The answers to these questions are described in a new study released March 27 in the New England Journal of Medicine. After reviewing more than a decade’s worth of data from nearly half a million physicians, Studdert and Mello found that physicians who were sued repeatedly were no more likely to relocate their clinical practices than colleagues who had no claims. However, they were more likely to either cease practice or, if they continued to practice, to shift to smaller practice groups or solo practice.

“There is an emerging awareness that a small group of ‘frequent flyers’ accounts for an impressively large share of all malpractice lawsuits,” said Studdert, the lead researcher and professor at both Stanford Law School and Stanford University School of Medicine. “This study confirms that, and begins to shed light on the professional trajectories of these physicians.”

In a 2016 study, also published in the New England Journal of Medicine, Studdert and Mello examined demographic characteristics of claim-prone physicians. “When we presented that work, people kept asking us questions about this group that we couldn’t answer, like who would ever hire or insure them,” Studdert said. “Now we have a better idea.”

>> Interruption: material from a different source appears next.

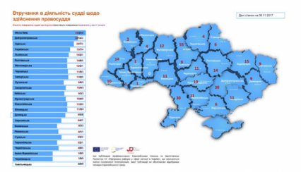 Вища рада правосуддя на своєму офіційному веб-сайті оприлюднила інтерактивну карту повідомлень суддів про втручання в діяльність щодо здійснення правосуддя.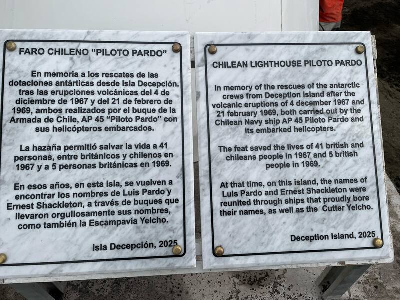 El 21 de marzo, a través del sistema de comunicación interna de la embarcación, el comandante del Marinero Fuentealba, capitán de fragata José Sandino De Ruyt, felicitó a la dotación de la nave involucrada en la construcción del faro Piloto Pardo, una nueva atalaya en el territorio chileno antártico, que fue emplazada en el peñón sur de la remota Isla Decepción, en la zona meridional del canal Brannfield, en las Islas Shetland.

A small group with many lawsuits

The research team reviewed data from 480,894 physicians who had 68,956 claims paid against them between 2003 and 2015. The researchers estimated that 2 percent of practicing physicians had two or more paid malpractice claims. Those physicians account for nearly 40 percent of all paid claims, confirming results from their earlier study.

“Our main goal was to follow these multi-claim practitioners over time as they accumulated claims and see where they went and what kind of changes they made to their practices,” said Mello, professor of law and professor of health research and medicine at Stanford and a co-author of the study. “One surprising result was that they were no more likely to relocate than their colleagues.”

In the late 1980s, widespread concerns that physicians with poor liability records were moving interstate to put their reputations behind them led Congress to establish the National Practitioner Data Bank. When a malpractice claim is paid on behalf of a health practitioner, or the practitioner is subjected to certain forms of disciplinary action, the information must be reported to the Data Bank. Employers, such as hospitals, are then required to check the Data Bank.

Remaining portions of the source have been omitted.